A rudimentary RPTI detector system shown schematically in Figure 2 follows the principles outlined above. The detector consists of two main parts. Nuclear recoil systems, such as this one, are made up of neutron collimators and shields, CH2 foils for converting the neutrons to recoil protons, and proton collimators for choosing the incident proton with the predetermined recoil angle. To capture a picture of the proton tracks, a gas scintillation chamber and a series of imaging equipment are used. The gas scintillation chamber generates photons that travel along the tracks.

In addition to its outstanding properties (such as wide spectral wavelength, relatively high yield, and fast emission)15,16,17–19 for imaging purposes and the fact that it is a heavy molecule that contains only low-Z atoms, CF4 is also an excellent scintillation gas because it is insensitive to gamma radiation and has a good neutron/gamma discrimination ratio. CF4 A 5 m-thickness Ti window may be used to enclose the gas chamber while still allowing recoil protons to pass through, according to technical standards. Installing an external imaging device's photons requires a quartz window. Image-intensified CCD/CMOS cameras may be used to capture the proton track pictures in real time, and the collected imaging data will be sent to the online analysis system for quick unfolding of energy spectra.

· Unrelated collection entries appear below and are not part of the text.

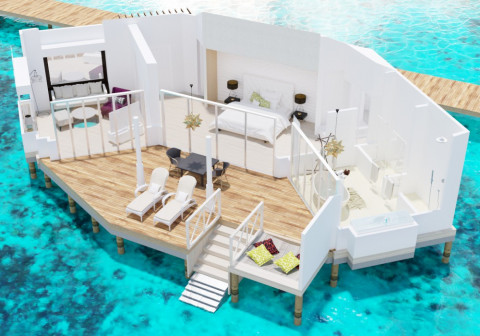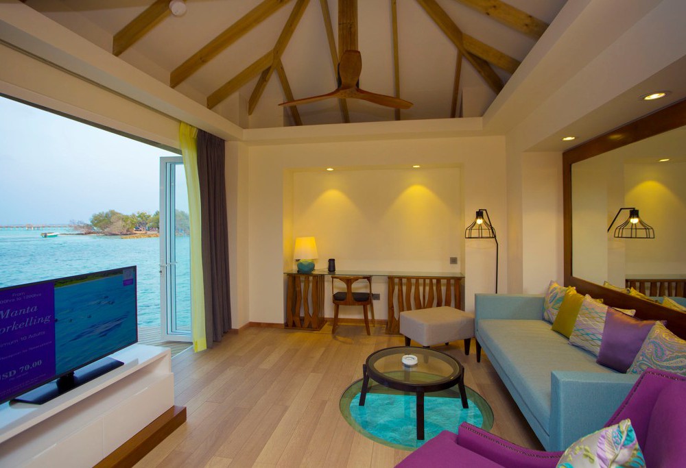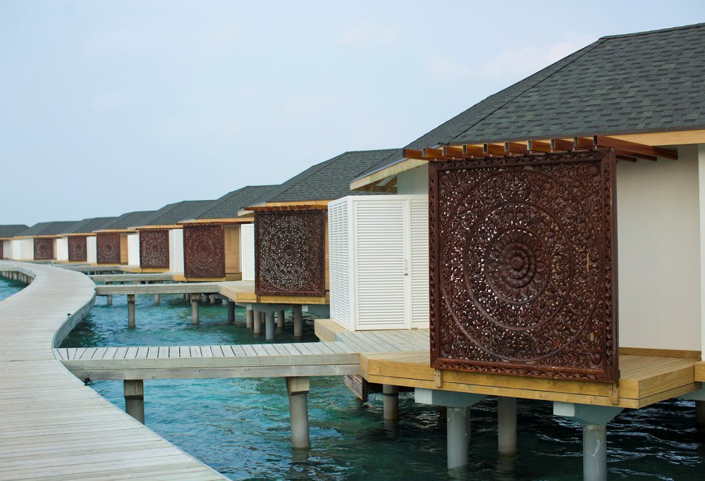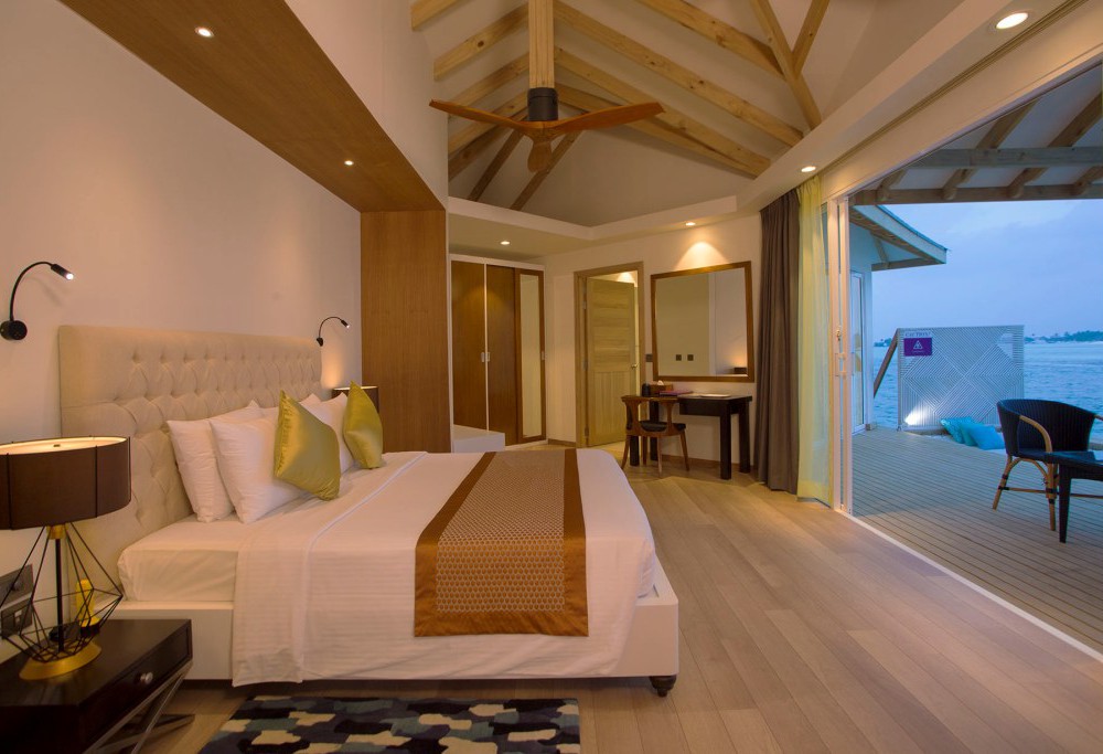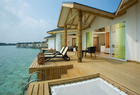 24 номера Over Water Suite (95 кв.м, индивидуальные бунгало на воде с прямым спуском в воду, спальня с кроватью king-size, зона гостиной с раздвижной дверью, возможно поставить одно доп. место, стеклянная панель в полу, ванная комната с ванной и душем, дополнительно в номере есть кофе-машина, халаты и тапочки, гамак на террасе)
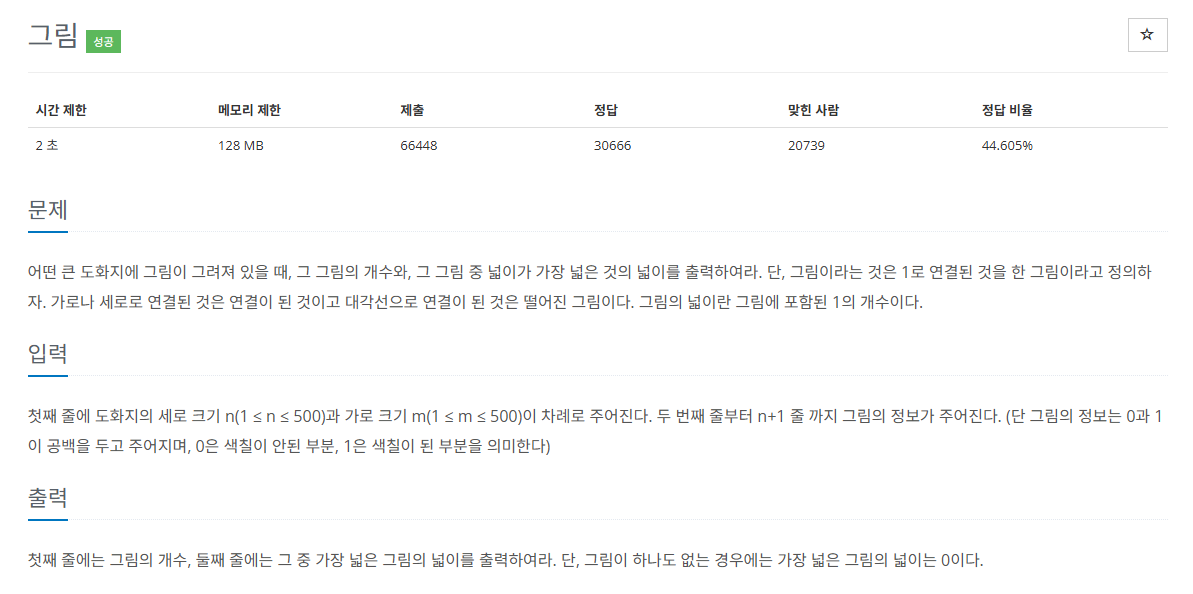 - 모든 탐색이 끝난 뒤 그림의 개수와 가장 큰 그림의 넓이를 차례대로 출력
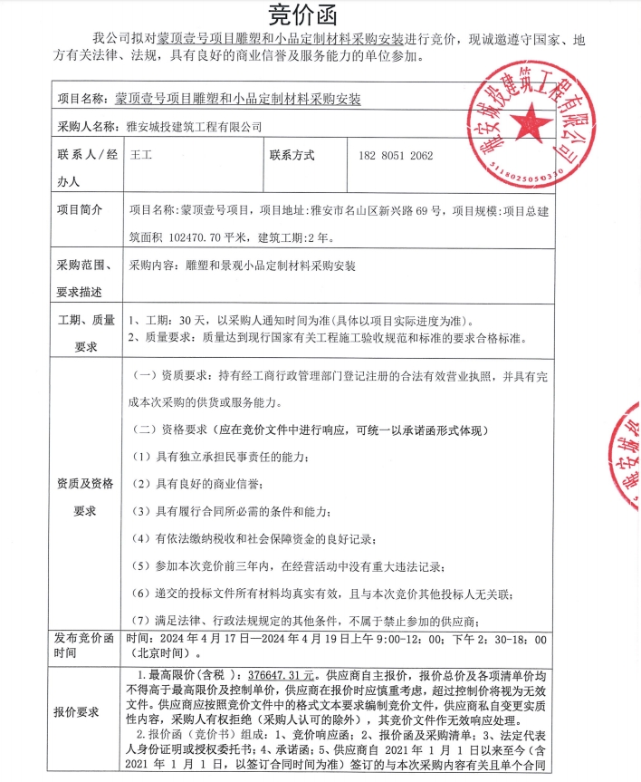 蒙頂壹號(hào)項(xiàng)目雕塑和小品定制材料采購(gòu)安裝競(jìng)價(jià)公告
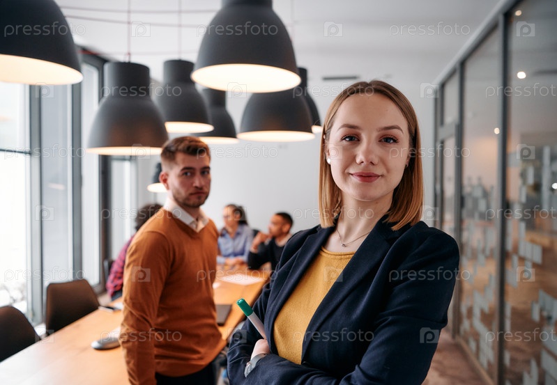 Уверенная в себе светловолосая бизнес-леди руководит командой в современной офисной обстановке
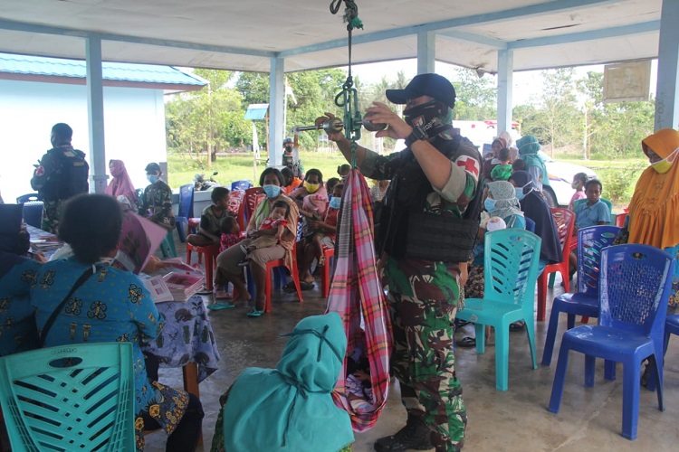 Keerom, Goosela.comPrajurit Satgas Pamtas RI-PNG Yonif Raider 100/PS Pos Kotis bekerjasama dengan Puskesmas Ywan membantu pelaksanaan Pos Pelayanan Terpadu (Posyandu) dalam pemeriksaan kesehatan anak usia dini di Kampung Wonorejo, Distrik Mannem, Kabupaten Keerom, Provinsi Papua, Senin (7/9/2020).

Simulations based on a person's abilities

This setup has been used in a series of Monte Carlo simulations20 to test the RPTI approach for NSM. The collimated neutron source is defined as a 14 MeV neutron beam in the context of DT neutron observations. In this case, the neutron beam's orientation is fixed at 45 degrees from the x-axis for the sake of ease of analysis. This angle should be carefully chosen in real applications in order to decrease the direct neutron emission. A CH2 foil is immediately struck by the neutrons, resulting in the generation of recoil protons. The CH2 foil has an effective area of 0.52 cm2 that is collimated by the neutron beam. The proton collimator is a 2 mm thick Fe disk with an inner radium of 3 mm, located 1 mm from the entry window (5 m-thickness Ti window). One bar of CF4 gas fills the gas chamber, which accepts only protons traveling in the xy direction. For this experiment, a 42 mm spacing was established between the CH2 foil and the proton collimator.

After passing through the CH2 foil, air gap, and Ti window, the simulation measures the remaining proton energy. The energy spectrum of recoil protons is also obtained by combining the Energy-Range relations in Ti and air (calculated using SRIM code) with the average energy loss in the CH2 foil. In the end, Eq. unfolds the neutron spectra from the recoil proton energy spectrum.